The next step is the central nerve of this tutorial. This is where we are going to quantize the model using Auto Smoothquant. Note that autosmoothquant is specified as the algorithm for the function get_config.

def quantize_model_pipeline(
    model: PreTrainedModel,
    calib_dataloader: DataLoader,
) -> PreTrainedModel:
    # Load custom Auto Smoothquant config
    custom_autosmoothquant_config = load_quant_algo_config_from_file("custom_autosmoothquant_config.json")
    # If you don’t need a custom Auto Smoothquant config, you can omit it and use the default configuration.
    template = LLMTemplate(
        model_type=model.config.model_type,
        exclude_layers_name=["lm_head"],
        autosmoothquant_config=custom_autosmoothquant_config,
    )
    quant_config = template.get_config(scheme="uint4_wo_128", algorithm=["autosmoothquant"])
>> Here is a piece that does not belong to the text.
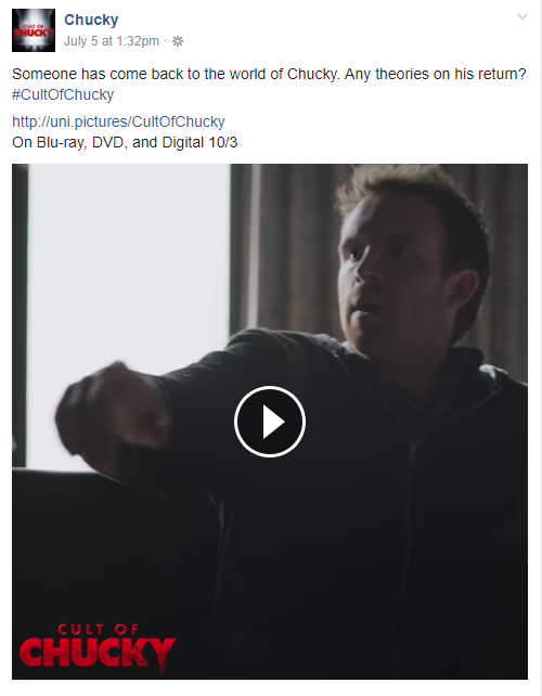 Okay guys, put your film theory hats on because the official CULT OF CHUCKY Facebook page just gave us a whopper to think on. The page just posted a cryptic video featuring some dude with the headline:

    quantizer = ModelQuantizer(quant_config, multi_device=True)
    quantized_model: PreTrainedModel = quantizer.quantize_model(model, calib_dataloader)

    print("[INFO] Export Quant Model.")
    export_safetensors(model=quantized_model, output_dir="./")
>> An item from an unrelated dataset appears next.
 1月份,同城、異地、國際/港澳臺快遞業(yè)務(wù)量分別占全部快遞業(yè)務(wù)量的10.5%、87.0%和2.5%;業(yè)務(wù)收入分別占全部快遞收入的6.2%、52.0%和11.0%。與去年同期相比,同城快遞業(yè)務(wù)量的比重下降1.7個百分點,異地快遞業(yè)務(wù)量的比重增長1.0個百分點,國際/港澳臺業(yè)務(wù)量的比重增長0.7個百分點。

    return quantized_model

The following block creates an evaluation function so that we can see how our quantized model performs:

@torch.no_grad()
def ppl_eval(
    model: PreTrainedModel,
    tokenizer: PreTrainedTokenizer,
    device: str | None,
) -> torch.Tensor:
    testdata = load_dataset("wikitext", "wikitext-2-raw-v1", split="test")
    testenc = tokenizer("\n\n".join(testdata["text"]), return_tensors="pt").input_ids.to(device)

    seqlen_for_eval = 2048
    nsamples = testenc.numel() // seqlen_for_eval
    nlls: list[torch.Tensor] = []

    for i in tqdm(range(nsamples)):
        batch = testenc[:, i * seqlen_for_eval : (i + 1) * seqlen_for_eval]
        lm_logits = model(batch)["logits"]

        shift_logits = lm_logits[:, :-1, :].contiguous()
        shift_labels = batch[:, 1:]

        loss = torch.nn.CrossEntropyLoss()(
            shift_logits.view(-1, shift_logits.size(-1)),
            shift_labels.view(-1),
        )
        nlls.append(loss.float() * seqlen_for_eval)

    ppl = torch.exp(torch.stack(nlls).sum() / (nsamples * seqlen_for_eval))
    return ppl

Now that all the blocks are created, let’s put everything together and see AMD Quark in action!

def run_quark_example() -> None:
    model_id = "Qwen/Qwen2.5-0.5B"
    batch_size, seq_len = 4, 512
    device = torch.device("cuda" if torch.cuda.is_available() else "cpu")

    print(f"[INFO] Loading model: {model_id}")
    model = get_model(model_id, device)
    tokenizer = get_tokenizer(model_id, max_seq_len=seq_len)
    calib_dataloader = get_dataloader(tokenizer, batch_size, device, seq_len)

    print("[INFO] Starting quantization...")
    quantized_model = quantize_model_pipeline(model, calib_dataloader)
    print("[INFO] Quantization complete.")

    print("[INFO] Simple test PPL with wikitext-2.")
    ppl = ppl_eval(quantized_model, tokenizer, device)
    print(f"[INFO] Perplexity: {ppl.item():.4f}")


if __name__ == "__main__":
    with torch.no_grad():
        run_quark_example()

As you may have noticed, after the quantization using Auto Smoothquant, the perplexity is around 14.85, which is a great result!